◆ WORK TO COMPLETE
For the listing below, the answer is an exact retyping of the lines from the one with "株式会社STPR (本社:東京都渋谷区 代表:柏原真人、以下STPR)は、弊社所属の2.5次元歌い手アイドルグループ「騎士X" through the one with "キーを取り付けたり、ショルダ", both included, without pictures.

◆ INPUT DATA
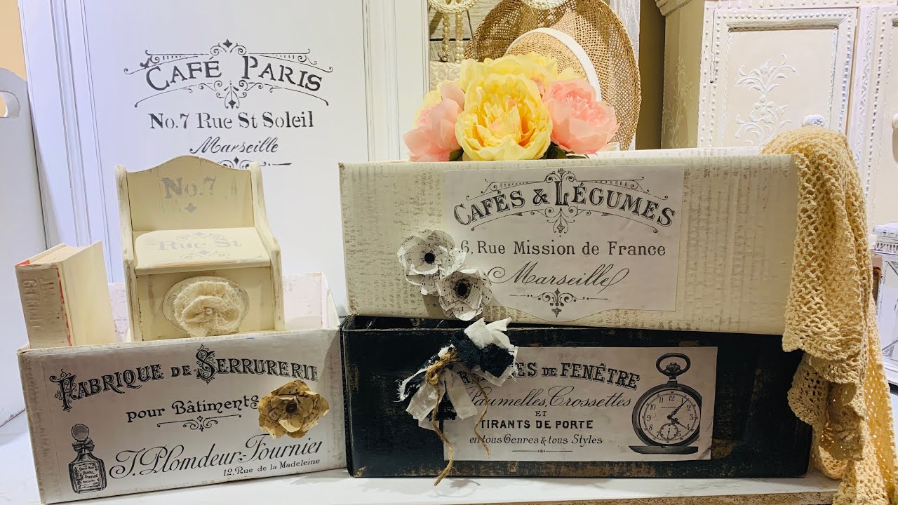 In this video I upcycle and makeover 3 cardboard boxes into shabby chic french country decor pieces and make over a vintage recipe box I purchased at a yard sale for $1! I also show how to make paper flowers/rosettes to embellish the shabby chic boxes. Making the shabby boxes is super easy and very budget friendly! The recipe box now has an elegant French Country style that can used to store recipes and I also show how to make shabby index cards using scrapbook paper. I stage all these pieces showing the many ways these pieces can dress up any space in your home and bring out that French Country Shabby Farmhouse flare! These projects were all very budget friendly and shopped my home for my supplies! Hope you enjoy the video and if you haven’t already, please SUBSCRIBE to our channel, LIKE and COMMENT! Thanks for watching.
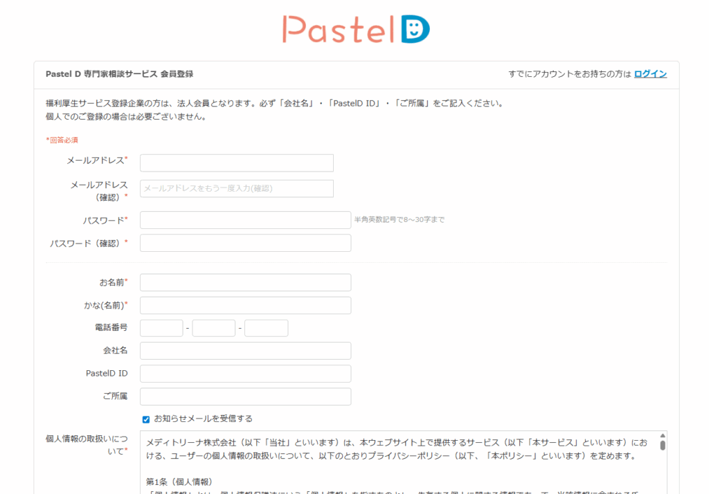 ※「会社名」「PastelD ID」「ご所属」を必ずご入力ください。「PastelD ID」が分からない場合は各企業の担当部署にお問い合わせください。
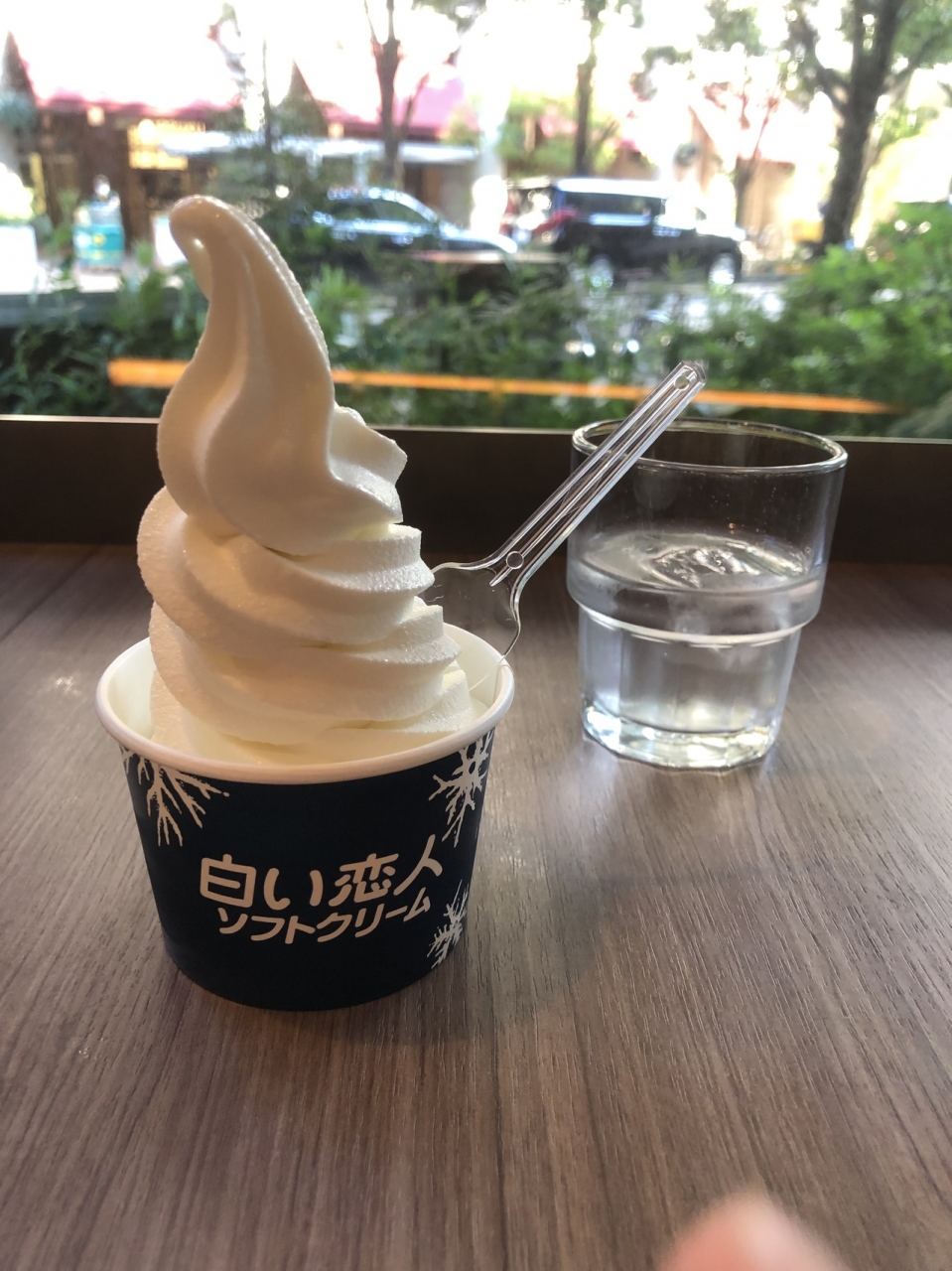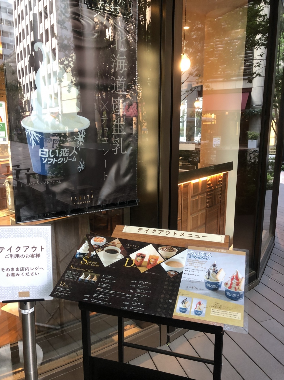 白い恋人で有名な石屋製菓のカフェがコレド室町テラスにあります。本当はパンケーキ目当てで行ったのですが夕方だと売り切れです。仕方ないのでソフトクリームをいただきました。北海道のイシヤカフェや空港で食べられるものと同じでとても美味しかったです。
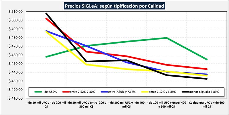 En el gráfico de arriba se presentan en 5 curvas por Tipo de leche en función a los sólidos útiles (grasa butirosa + proteína), los diferentes precios en función a la calidad higiénico-sanitaria (UFC/ml y RCS/ml). Se puede observar que existen precios descendentes en cada tipo composicional a medida que desmejora la calidad higiénico-sanitaria, pero se dan algunos serruchos ya que las “penalizaciones” por menor calidad se ven compensadas seguramente por la presencia de bonificaciones comerciales que pueden estar especificadas y tabuladas (ejemplo: volumen, temperatura, distancia, permanencia, etc.) o arbitrarias en función a aspectos no especificados en los Sistemas de Tipificación y Pago de la Leche (netamente comerciales).
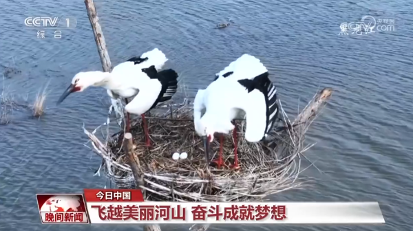 我们跟着二十五万只候鸟,一起飞到黑龙江嘟噜河省级自然保护区,这里现在生活着三百多只国家一级保护动物东方白鹳。这对国宝“夫妻”正在打造新家,迎接自己孩子的诞生。今年,保护区将新生180多只东方白颧。新生,是这片国土永不停息的奏鸣曲。
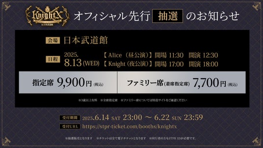 株式会社STPR (本社:東京都渋谷区 代表:柏原真人、以下STPR)は、弊社所属の2.5次元歌い手アイドルグループ「騎士X - Knight X -」(以前のグループ名:Knight A - 騎士A -、以下 騎士X)が、日本武道館にて開催する自身初のワンマンライブについて、2025年6月14日(土)23:00よりオフィシャル先行受付を開始したことをお知らせいたします。
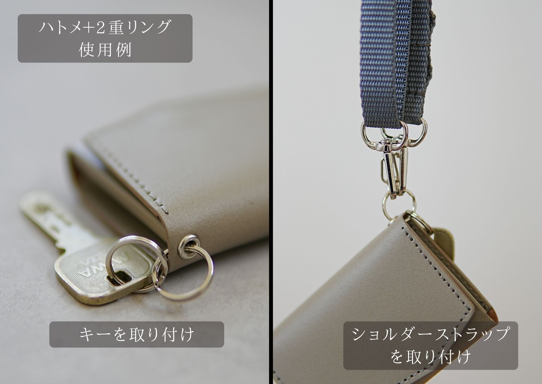 キーを取り付けたり、ショルダーストラップに取り付けたりアレンジしてお使いいただけます。machi-yaでは、取り付けサービスとさせていただきます。購入ページで「ハトメ+2重リング・有り」をお選び下さい。
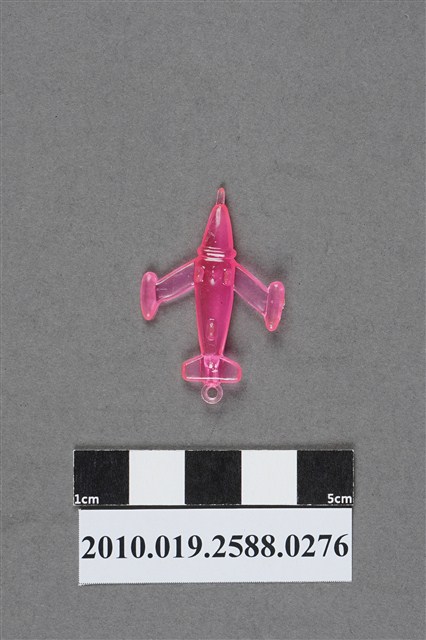 1.本件物為噴射機造型尪仔仙,為粉紅色透明的塑膠材質。外型為噴射機,左右兩側機翼尾端設有圓柱型噴射引擎,機首近機身處有一道斜痕,左側噴射引擎有射出痕,機尾有一圓環。機腹有三個突起物,應為機輪,機尾有一圓形痕。本系列尪仔仙多為相同塑膠模版,僅有顏色不同,或是同色同塑膠模版等形式。2.尪仔仙有小、中、大型之分,小型約長2公分,中型約長8-15公分左右,顏色以單色為主。長型則可長達30公分,以佛像、菩薩、神仙和唐三藏等造型為主,塗上金銀紅黃彩漆等亮色。1960、70年代的尪仔仙多以宗教、神話、布袋戲人物為造型。1980年代改以卡通、電玩、漫畫人物造型為主。常見玩法為兩人(或多人)各持一只尪仔仙,輪流用手指彈射,看誰的尪仔仙先疊在對方上面,便可贏得對方用來對戰的尪仔仙。
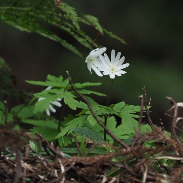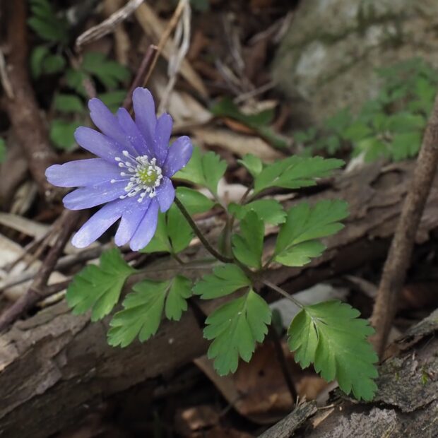 カタクリの花の時期に一緒に咲き、 キクザキイチゲは群落でみることが多い春植物です。
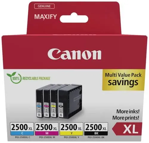 ![]() ![]() Canon PGI-2500 XL C M Y BK Vorteilspack 4 Tintenpatronen größere Reichweite XL (Schwarz XL, Cyan XL, Magenta XL, Gelb XL) Original [Umweltfreundliche Recycle-Kartonverpackung 2024]
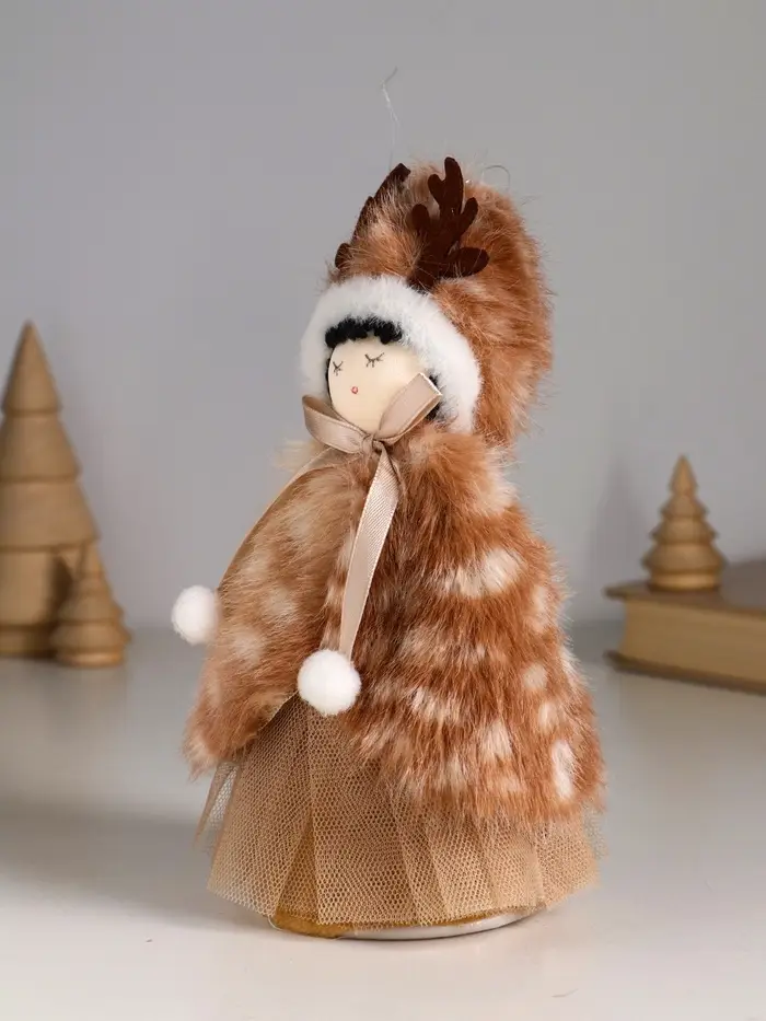 Кукла интерьерная "Девочка в меховой накидке, в шапке с рожками" 7х7х19 см
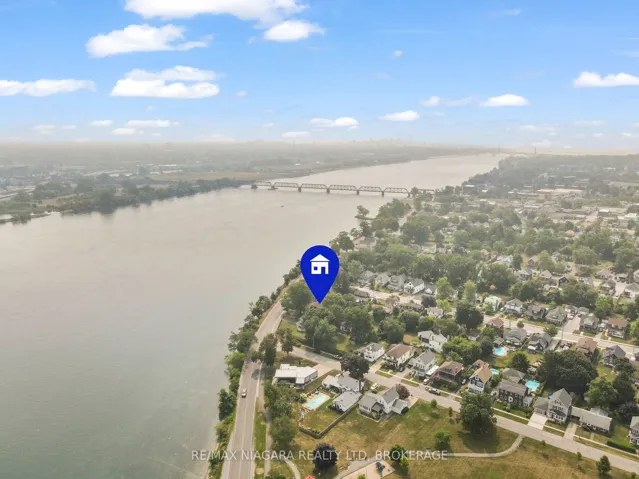 +"PublicRemarks": "Waterfront 4-bedroom, 1-office, 3-bath home overlooking the Niagara River, where nearly every principal room captures sweeping, ever-changing views. The main floor features a bright foyer & a skylight above the staircase. The spacious living & dining areas showcase panoramic river views through sliding patio doors opening onto decks overlooking the water. The warm & inviting family room features a fireplace framed by custom built-ins on both sides with shelving, & also offers direct access to the deck. Plush new carpeting enhances the family room, office, & stairway. The well-appointed kitchen is designed with quality cabinetry, numerous custom built-ins, a pantry, garburator, and a dishwasher. It opens to both the main deck and a charming side patio - perfect for morning coffee with river breezes. A large main-floor office adds versatility & convenience, with direct access from the garage into the office, allowing you to step from the garage into the home through the office or exit the office directly into the garage. A convenient laundry area & a powder room with its own heat lamp for added comfort complete the main level. Upstairs are four generous bedrooms & two full bathrooms, each featuring built-in shelving & heat lamps in every bathroom to warm you up & add comfort. The primary bedroom includes an ensuite, while the two front bedrooms enjoy private decks with sliding patio doors overlooking the water. Additional updates include new blinds in several rooms. There is central vacuum throughout. Outside, the property offers an attached 2-car garage with hydro & direct house access, a 2-car carport, & a large barn with a metal roof, electricity, & two full floors ideal for storage or hobbies. The backyard is private & serene. The home benefits from municipal water and sewer services. Right outside the property, the scenic Friendship Trail provides easy access to peaceful walks, bike rides, & the natural beauty of the waterfront setting."

◆ SOLUTION
 株式会社STPR (本社:東京都渋谷区 代表:柏原真人、以下STPR)は、弊社所属の2.5次元歌い手アイドルグループ「騎士X - Knight X -」(以前のグループ名:Knight A - 騎士A -、以下 騎士X)が、日本武道館にて開催する自身初のワンマンライブについて、2025年6月14日(土)23:00よりオフィシャル先行受付を開始したことをお知らせいたします。
 キーを取り付けたり、ショルダーストラップに取り付けたりアレンジしてお使いいただけます。machi-yaでは、取り付けサービスとさせていただきます。購入ページで「ハトメ+2重リング・有り」をお選び下さい。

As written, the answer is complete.